Казалось ещё, что кто-то стоит за спиной. Он обернулся — там никого не было. Секунды бежали, он всматривался в темноту, и она расступалась — не вся, не полностью, лишь слегка бледнея — не то тревожно, не то пугливо. Силуэт пса обозначился над одной из могил. Он сидел у креста и без единого шороха, умно и печально смотрел на него. Потом убежал. Куда-то в сгусток тьмы, тот, что никак не поддавался настойчивости глаз, оставаясь цельным и страшным. Убежал, гарцуя между оградами.

— Небеса, — заговорил он опять, — это они указали нам путь друг к другу. Боги благословили нас на единение. Оно невозможно в идеале, ты права — наши пространства разнятся, как у всех. Но у нас наиболее похожи они, наиболее удобны, наиболее естественны. Рисунок у той мозаики чёток и понятен. За этим стоит Гармония. Ты слышала раньше такое слово — Гармония?

Она красива. Она тиха, умиротворённа, беспечное блаженство витает над ней сейчас, она желанна. Ночь совсем не портит её, луна не беспокоит — она где-то за тучами — оттого оттенки мертвенности не отплясывают на лице кордебалеты. Она — словно тень, даже вглядываясь, можно не увидеть её. Она явна, однако — ладони сжимают плотность, они не могут лгать. Плотность податлива, упруга и имеет способность дарить воспоминания.

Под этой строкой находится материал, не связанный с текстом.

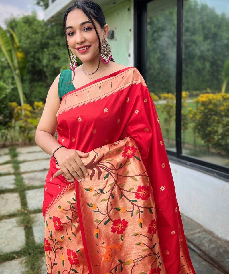 Product Name | Red Woven Paithani Silk Saree With Blouse Piece | |

— Порой очевидное открывается неожиданно и в ином фокусе. Накал мыслей достаточен, чтобы слышать их — я знаю, ты слышишь меня сейчас. Горизонты, очертания, блеклость — пытливому сознанию чудится, что оно достигнуто, откровение. Откровение, смысл и конечная истина. Чудится лишь, ибо сознание пытливо, а значит и глупо.

Было всё-таки холодно. Ветер колюч, земля в изморози — невольно он поёживался. Её могила была возле самого забора. Полуразрушенного, осевшего. Он мог видеть стволы дубов, что росли по другую сторону. Дубы росли и по эту — то было чудно: территория смерти, грань, а за ней — другая территория. Не жизни, нет. Так думать неверно, противостояние отсутствует здесь. Быть может, то и вовсе единство, вот только грани смущают. Перешагнуть — ничего не стоит, он видел — надо лишь взобраться на бугорок и сделать шаг.

На неё не смотрел уже, глядел куда-то вдаль, в пустоту. Глядел и говорил:

— Я не знаю, как правильней. Я всегда воспринимал всё излишне серьёзно, ты, как мне казалось — несерьёзно совсем. Возможно, просто казалось, кто знает — я всегда чувствовал и понимал, что ты умнее и глубже. Себя стараешься ставить выше, я знаю, я тоже грешил этим, но не с тобой — выше тебя я не мог поставить себя никогда. Не сумел бы. Ты знаешь, бывали моменты, когда я ненавидел тебя. По- настоящему, всей душой. Сейчас презираю себя за это. Кто-то говорит будто: «Как мог ты ненавидеть её?! Эту святую женщину, эту воплощённую чистоту!» Но ведь мог же, мог. Наказание моё ещё впереди. Я не последователен, меня обуревают страсти и выбрать какую-то одну нет сил. Истинное, призрачное — всё смешивалось в тебе. Я тянулся к призрачному, но хотел ощущать истинное. Я не помню, ты никогда не говорила, любишь ли ты меня, ты всегда обходилась без слов, но и чувств твоих понять был я не в силах. Тешил себя надеждой, что любишь. Если хоть на сотую долю это так — я счастливейший из всех живущих. Вот понять бы ещё, где та грань, грань между искренним и призрачным. И к какой из её сторон относишься ты?

МАЛЕНЬКИЙ СЕРЁЖА

Мамка веселилась с любовником. Свежая самогонка лилась рекой. Им было хорошо.

— Серёга, будешь? — протягивал дядя Витя мальчику залепленную жирными пальцами рюмку.

Шестилетний Серёжа отводил взгляд в сторону. Горестно вздыхал. Робот-трансформер в его руках тоже был необычайно грустен. Таким его Серёжа ещё не видел.

— Что ты делаешь!? — орала на дядю Витю мамка. — Поставь, бля, рюмку!

— Да я шучу, ёб твою… — расплывалась в улыбке небритая морда кавалера. — Думаешь, я ребёнку самогон дам?